Figure S2, shows RI and RM as function of HR and blood pressure. Two aspects can be noted: first, with increasing blood pressure (i.e. progressively shifting from SNP infusion, to no infusion, to phenylephrine infusion), we observed a clear increase in RM and RI (Fig. S2b). Second, for a given DBP, RI/RM decreased with increasing HR (Fig. S2a).

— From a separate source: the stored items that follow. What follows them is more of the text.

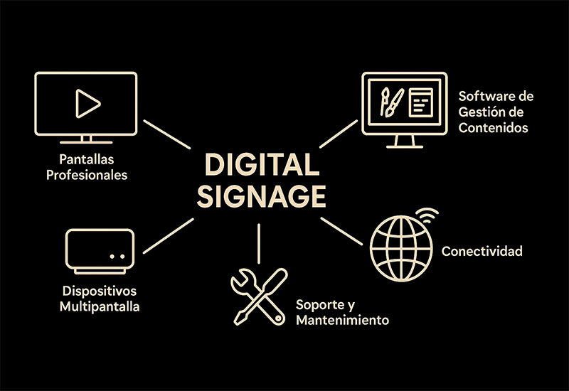 Digital Signage es un sistema de comunicación visual basado en pantallas digitales que permite transmitir información, anuncios, promociones y contenido multimedia en tiempo real. Gracias a su dinamismo y flexibilidad, reemplaza a los medios impresos tradicionales, ofreciendo una experiencia moderna y altamente efectiva para cautivar audiencias.
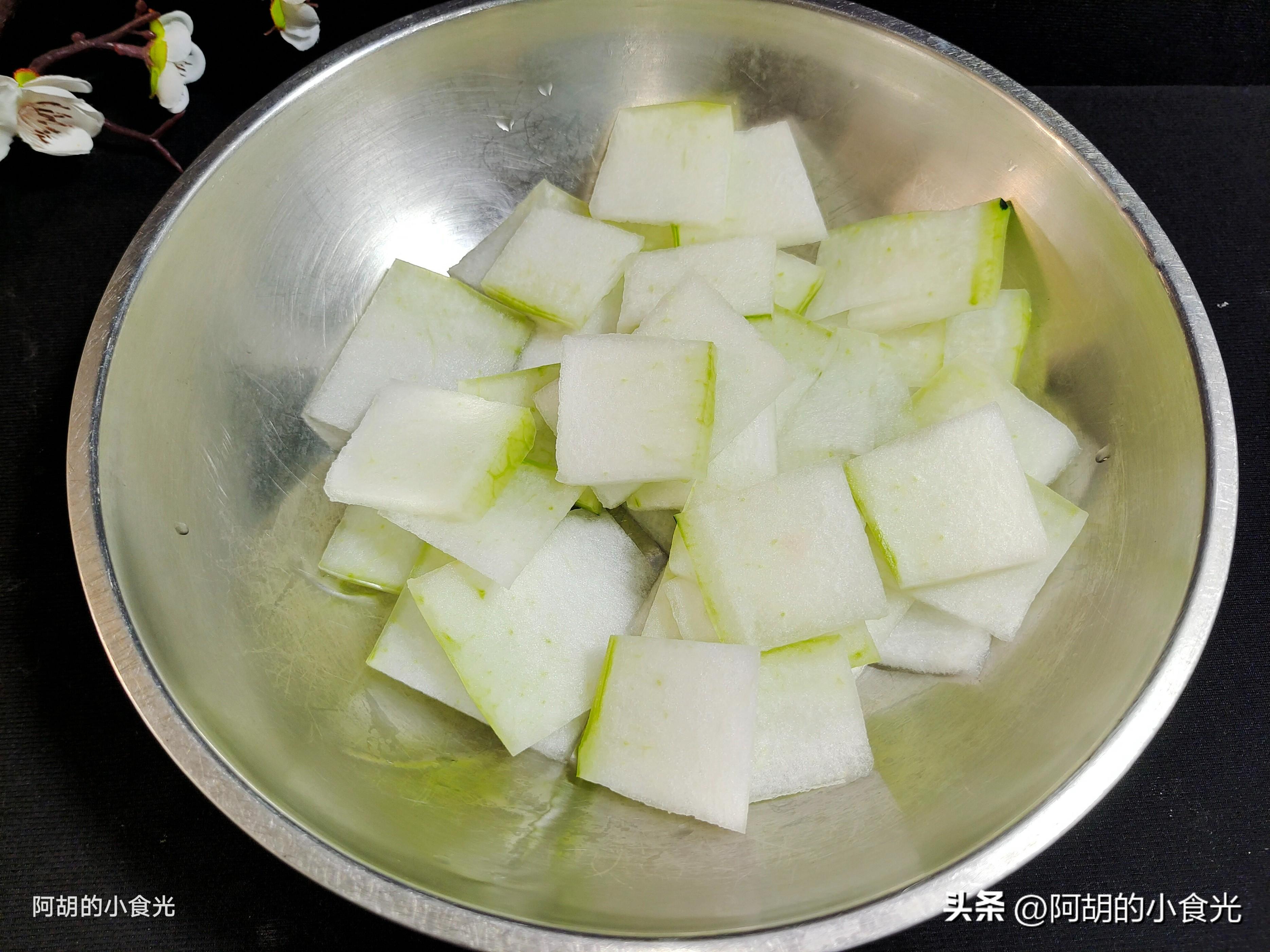 第一步:準備冬瓜一塊,將外皮和瓜瓤全部去掉,而後再將瓜肉切成厚片放入碗中待用。也可以根據自己的喜好將其切成塊。
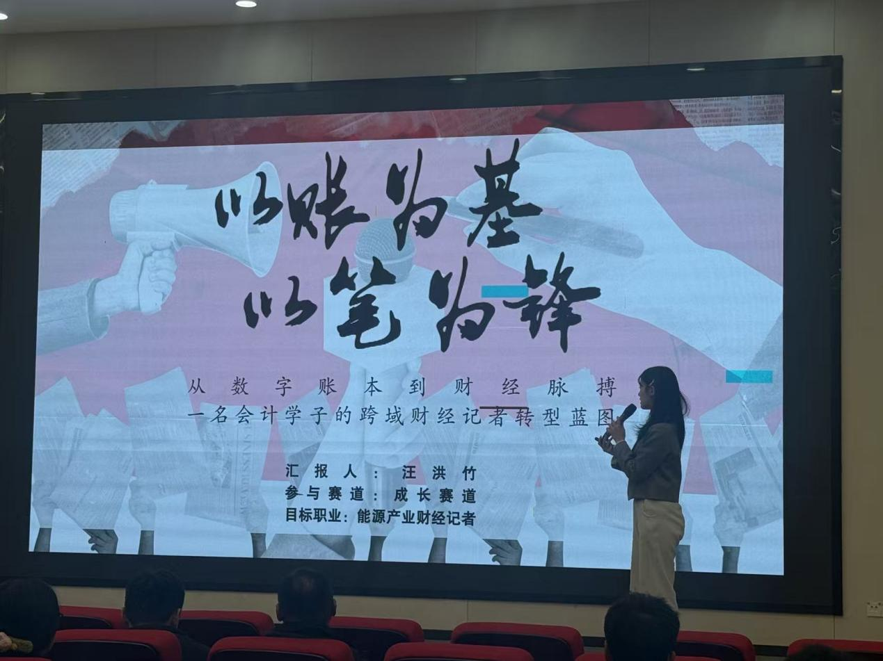 本届大赛延续“成长”与“就业”双赛道模式,紧密对接学生不同发展阶段的需求,吸引了全院23名优秀学子同台竞技。在成长赛道,选手们通过详实的自我探索报告和阶段性成长规划,描绘出清晰而充满活力的个人发展蓝图。就业赛道的选手则聚焦实际岗位,凭借丰富的实习实践、扎实的专业技能和富有策略的求职展示,充分彰显了商学院学子的职业竞争力与实践能力。

Cardiac contractility, estimated as the maximum first derivative of the aortic arch blood pressure signal (dp/dt_max), showed a modest negative HR dependence at low blood pressure, gradually changing to a positive dependence at higher blood pressure (Fig. S3a). Blood pressure dependence of contractility (Fig. S3b) was negative at low HR (300 bpm), but the dependence gradually changes with increasing HR and does not reach significance at high HR (500 bpm).

Methodological aspects

PWV_TT computed using the intersecting tangent method showed an HR/blood pressure dependence very similar to that obtained using the second derivative method (Fig. S4). A sensitivity analysis of the effect of the finite impulse response (FIR) filter width (k) showed that enlarging k from 1.5 ms (as used in all analyses presented herein) to 4.5 ms modestly changed the HR and DBP dependence (Fig. S5; green curves do not overlap with blue curves). This discrepancy became slightly larger with increasing DBP (i.e. with a progressive shift from SNP infusion, to no infusion, to phenylephrine infusion). Decreasing k from 1.5 to 0.5 ms, however, had a negligible effect (Fig S5; red and blue curves overlap).

DISCUSSION

Principal findings

In this article, we present the largest animal study to date on the effect of HR and blood pressure on PWV_TT and the first animal study on the effect of HR on PWV_dist allowing comparison of arterial stiffness measurements using transit time and distensibility approaches. We showed that both PWV_TT and PWV_dist show an HR dependence, whether corrected for MAP or DBP. PWV_dist as commonly calculated differed in its relationship with HR compared with PWV_TT, which is explained by the method of calculation (Fig. 1).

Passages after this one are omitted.